Le discussioni sono state animate; ognuno presentava le proprie interpretazioni quanto a cosa intendere per frontiere, ovvero i loro sinonimi o omologhi, quali limiti, confini, ma anche barriere; e in ogni caso forte era l’impulso a gettare il cuore oltre l’ostacolo. Soprattutto in questo momento di sofferenza per il restauro, un’area estesa che comprende sia le innovazioni tecnologiche che, e soprattutto, un concetto allargato di conservazione: in rapporto dunque con l’ambiente, le città, e l’edilizia non soltanto storica e protetta, ma anche intesa più genericamente nelle sue funzioni d’uso e di presenza nelle realtà urbane e nel paesaggio.

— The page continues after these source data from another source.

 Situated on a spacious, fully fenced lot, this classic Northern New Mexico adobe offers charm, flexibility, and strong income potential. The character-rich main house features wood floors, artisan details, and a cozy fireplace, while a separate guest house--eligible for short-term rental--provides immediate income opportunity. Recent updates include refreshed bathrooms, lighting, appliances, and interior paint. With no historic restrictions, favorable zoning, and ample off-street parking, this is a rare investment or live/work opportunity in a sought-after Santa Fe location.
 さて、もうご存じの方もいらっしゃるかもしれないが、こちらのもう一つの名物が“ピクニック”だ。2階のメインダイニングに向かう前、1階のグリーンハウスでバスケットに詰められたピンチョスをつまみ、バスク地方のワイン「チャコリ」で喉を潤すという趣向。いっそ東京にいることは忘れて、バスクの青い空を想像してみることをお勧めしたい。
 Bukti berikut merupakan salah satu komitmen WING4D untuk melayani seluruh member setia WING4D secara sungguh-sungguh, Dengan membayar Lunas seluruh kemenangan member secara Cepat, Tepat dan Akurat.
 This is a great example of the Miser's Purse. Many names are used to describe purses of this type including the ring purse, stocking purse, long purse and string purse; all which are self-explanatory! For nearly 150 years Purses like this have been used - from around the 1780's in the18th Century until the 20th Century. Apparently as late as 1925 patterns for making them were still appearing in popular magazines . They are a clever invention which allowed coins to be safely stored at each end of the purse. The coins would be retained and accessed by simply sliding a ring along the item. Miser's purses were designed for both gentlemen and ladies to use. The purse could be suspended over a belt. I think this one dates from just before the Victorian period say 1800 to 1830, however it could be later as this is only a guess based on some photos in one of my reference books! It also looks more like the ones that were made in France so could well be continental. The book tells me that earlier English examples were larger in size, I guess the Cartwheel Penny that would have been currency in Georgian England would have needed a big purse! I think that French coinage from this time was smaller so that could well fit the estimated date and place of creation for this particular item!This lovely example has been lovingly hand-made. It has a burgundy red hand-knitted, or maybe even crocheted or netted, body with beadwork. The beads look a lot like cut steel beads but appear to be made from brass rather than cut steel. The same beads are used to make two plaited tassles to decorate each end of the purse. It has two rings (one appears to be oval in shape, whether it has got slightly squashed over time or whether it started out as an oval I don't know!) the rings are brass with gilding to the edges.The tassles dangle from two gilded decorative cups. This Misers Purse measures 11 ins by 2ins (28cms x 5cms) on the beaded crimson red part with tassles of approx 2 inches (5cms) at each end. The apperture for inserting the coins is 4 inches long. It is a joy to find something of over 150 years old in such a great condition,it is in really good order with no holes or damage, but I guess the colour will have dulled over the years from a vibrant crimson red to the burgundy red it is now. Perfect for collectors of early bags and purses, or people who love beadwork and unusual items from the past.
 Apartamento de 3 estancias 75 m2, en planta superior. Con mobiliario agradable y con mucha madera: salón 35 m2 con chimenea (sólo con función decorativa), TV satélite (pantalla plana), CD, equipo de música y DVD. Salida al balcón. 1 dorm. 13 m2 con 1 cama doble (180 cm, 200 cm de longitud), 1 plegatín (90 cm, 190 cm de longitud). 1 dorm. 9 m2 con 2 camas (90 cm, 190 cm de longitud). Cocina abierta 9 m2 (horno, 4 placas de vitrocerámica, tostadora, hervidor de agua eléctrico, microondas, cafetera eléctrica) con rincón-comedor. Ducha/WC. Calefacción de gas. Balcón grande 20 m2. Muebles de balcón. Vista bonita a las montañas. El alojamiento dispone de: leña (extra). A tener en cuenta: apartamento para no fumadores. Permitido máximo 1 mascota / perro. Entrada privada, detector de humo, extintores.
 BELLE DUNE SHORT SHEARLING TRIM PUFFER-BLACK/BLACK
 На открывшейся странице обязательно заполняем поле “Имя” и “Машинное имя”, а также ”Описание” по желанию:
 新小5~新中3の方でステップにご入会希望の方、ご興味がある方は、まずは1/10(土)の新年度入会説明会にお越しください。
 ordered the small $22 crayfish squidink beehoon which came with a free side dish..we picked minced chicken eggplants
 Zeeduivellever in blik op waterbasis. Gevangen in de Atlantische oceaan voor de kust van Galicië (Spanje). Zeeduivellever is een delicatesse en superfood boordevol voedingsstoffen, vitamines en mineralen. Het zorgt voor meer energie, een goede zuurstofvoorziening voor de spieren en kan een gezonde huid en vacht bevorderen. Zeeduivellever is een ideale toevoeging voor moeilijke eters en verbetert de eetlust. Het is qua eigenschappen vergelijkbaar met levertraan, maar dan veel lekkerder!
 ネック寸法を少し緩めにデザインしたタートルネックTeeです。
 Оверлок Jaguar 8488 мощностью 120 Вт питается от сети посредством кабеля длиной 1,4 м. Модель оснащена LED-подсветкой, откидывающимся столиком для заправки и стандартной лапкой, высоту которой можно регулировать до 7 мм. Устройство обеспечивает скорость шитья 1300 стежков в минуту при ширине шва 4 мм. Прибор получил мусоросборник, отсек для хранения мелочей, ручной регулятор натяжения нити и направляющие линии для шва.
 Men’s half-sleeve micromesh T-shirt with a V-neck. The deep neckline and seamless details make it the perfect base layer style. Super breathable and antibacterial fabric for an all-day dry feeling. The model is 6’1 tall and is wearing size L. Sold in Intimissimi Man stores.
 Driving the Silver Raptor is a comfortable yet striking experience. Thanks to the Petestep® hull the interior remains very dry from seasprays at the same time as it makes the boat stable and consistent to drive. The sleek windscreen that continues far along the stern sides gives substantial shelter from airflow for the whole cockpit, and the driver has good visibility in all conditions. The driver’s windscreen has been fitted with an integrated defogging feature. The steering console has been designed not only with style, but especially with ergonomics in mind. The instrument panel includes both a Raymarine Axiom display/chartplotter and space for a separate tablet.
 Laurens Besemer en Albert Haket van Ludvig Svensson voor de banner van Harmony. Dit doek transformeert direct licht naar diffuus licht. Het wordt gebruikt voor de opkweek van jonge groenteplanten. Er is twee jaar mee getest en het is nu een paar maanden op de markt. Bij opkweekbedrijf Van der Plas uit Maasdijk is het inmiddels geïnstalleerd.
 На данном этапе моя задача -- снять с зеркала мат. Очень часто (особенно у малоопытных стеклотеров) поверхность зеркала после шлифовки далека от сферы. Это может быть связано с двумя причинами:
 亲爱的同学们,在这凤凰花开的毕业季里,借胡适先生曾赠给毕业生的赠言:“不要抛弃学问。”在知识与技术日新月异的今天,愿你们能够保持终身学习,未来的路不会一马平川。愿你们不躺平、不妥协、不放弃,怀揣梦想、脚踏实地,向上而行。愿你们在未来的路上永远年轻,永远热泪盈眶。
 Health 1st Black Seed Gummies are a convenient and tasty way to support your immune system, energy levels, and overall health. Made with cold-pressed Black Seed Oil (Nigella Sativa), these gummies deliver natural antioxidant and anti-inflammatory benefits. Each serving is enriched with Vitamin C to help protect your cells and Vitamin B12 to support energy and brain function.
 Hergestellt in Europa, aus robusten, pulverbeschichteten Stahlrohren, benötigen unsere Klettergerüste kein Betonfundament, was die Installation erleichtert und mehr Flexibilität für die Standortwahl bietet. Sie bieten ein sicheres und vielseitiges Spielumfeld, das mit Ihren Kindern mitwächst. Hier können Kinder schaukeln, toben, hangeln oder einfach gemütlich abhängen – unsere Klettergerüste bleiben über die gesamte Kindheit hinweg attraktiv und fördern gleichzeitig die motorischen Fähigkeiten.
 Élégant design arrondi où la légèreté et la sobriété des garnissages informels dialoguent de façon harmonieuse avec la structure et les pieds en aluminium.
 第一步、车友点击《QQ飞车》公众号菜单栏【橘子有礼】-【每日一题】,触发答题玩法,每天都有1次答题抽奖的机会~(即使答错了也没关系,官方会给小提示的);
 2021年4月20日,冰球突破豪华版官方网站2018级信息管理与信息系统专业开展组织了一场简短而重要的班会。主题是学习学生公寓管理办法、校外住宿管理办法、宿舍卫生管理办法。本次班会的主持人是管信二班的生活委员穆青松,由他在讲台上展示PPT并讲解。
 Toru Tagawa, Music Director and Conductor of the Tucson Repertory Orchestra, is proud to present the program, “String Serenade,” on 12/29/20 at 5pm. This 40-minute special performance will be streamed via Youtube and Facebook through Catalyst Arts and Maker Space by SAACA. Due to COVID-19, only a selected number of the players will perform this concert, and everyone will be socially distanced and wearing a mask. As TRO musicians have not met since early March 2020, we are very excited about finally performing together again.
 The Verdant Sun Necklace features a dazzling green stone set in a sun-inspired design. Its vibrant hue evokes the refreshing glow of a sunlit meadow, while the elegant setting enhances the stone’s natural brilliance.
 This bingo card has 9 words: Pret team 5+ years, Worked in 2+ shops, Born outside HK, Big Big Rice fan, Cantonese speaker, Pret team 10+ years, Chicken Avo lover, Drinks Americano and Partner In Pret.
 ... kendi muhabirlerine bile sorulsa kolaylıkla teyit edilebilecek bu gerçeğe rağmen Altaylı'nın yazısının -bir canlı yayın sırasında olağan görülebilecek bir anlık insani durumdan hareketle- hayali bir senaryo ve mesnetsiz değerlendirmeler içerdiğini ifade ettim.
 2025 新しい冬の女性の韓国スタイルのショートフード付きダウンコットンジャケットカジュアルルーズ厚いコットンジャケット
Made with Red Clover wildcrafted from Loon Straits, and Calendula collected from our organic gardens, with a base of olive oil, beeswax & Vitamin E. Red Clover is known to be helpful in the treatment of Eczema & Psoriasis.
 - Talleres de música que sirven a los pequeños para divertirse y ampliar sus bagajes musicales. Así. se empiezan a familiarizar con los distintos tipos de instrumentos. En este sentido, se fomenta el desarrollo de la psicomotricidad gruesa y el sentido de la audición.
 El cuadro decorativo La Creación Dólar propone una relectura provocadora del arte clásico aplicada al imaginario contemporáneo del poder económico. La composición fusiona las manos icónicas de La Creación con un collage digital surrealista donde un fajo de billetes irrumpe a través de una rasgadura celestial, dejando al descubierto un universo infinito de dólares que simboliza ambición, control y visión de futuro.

Da Giovanni Salmistrari, dell’Associazione Costruttori del Veneto, abbiamo imparato che il mercato edilizio appare oggi molto più orientato al recupero che alle nuove costruzioni: il 70% del lavoro sta attualmente nella riqualificazione, e la notizia non poteva che rallegrare, anche se raggelava sentire che nella Venezia d’oggi il rapporto fra ultrasessantacinquenni e bambini è di sei a uno. Si è insistito abbondantemente, fin dall’intervento di Daniela Pittaluga della Scuola Politecnica dell’Università di Genova, sulla partecipazione delle esperienze, sulla rivalutazione dell’edilizia comune cui correlarsi, non diversamente da quella normalmente definita come protetta o da proteggere secondo i parametri tradizionali. Di qui l’importanza attribuita alle svariate forme di volontariato, il riconoscimento del valore delle comunità locali: il cosiddetto modello inglese (certo, impraticabile se comunque non sorretto, a un qualche stadio del processo, dalle cosiddette competenze). Di qui i replicati inviti a superare le separazioni fra pubblico e privato, ritenute artificiose e tali da appesantire con zavorra improduttiva le iniziative a sostegno del patrimonio storico e artistico. Emergeva con evidenza l’inderogabilità del superamento di un modello di tutela fondato soltanto sui vincoli e il potere monocratico degli Uffici preposti; e su questo non si può che concordare, prendendo atto oggi che il Paese richiede proprio questo; ma naturalmente rimane il problema della salvaguardia materiale e dell’identità storica del patrimonio edilizio e paesaggistico, senza la quale anche la famosa valorizzazione resterebbe parola vana.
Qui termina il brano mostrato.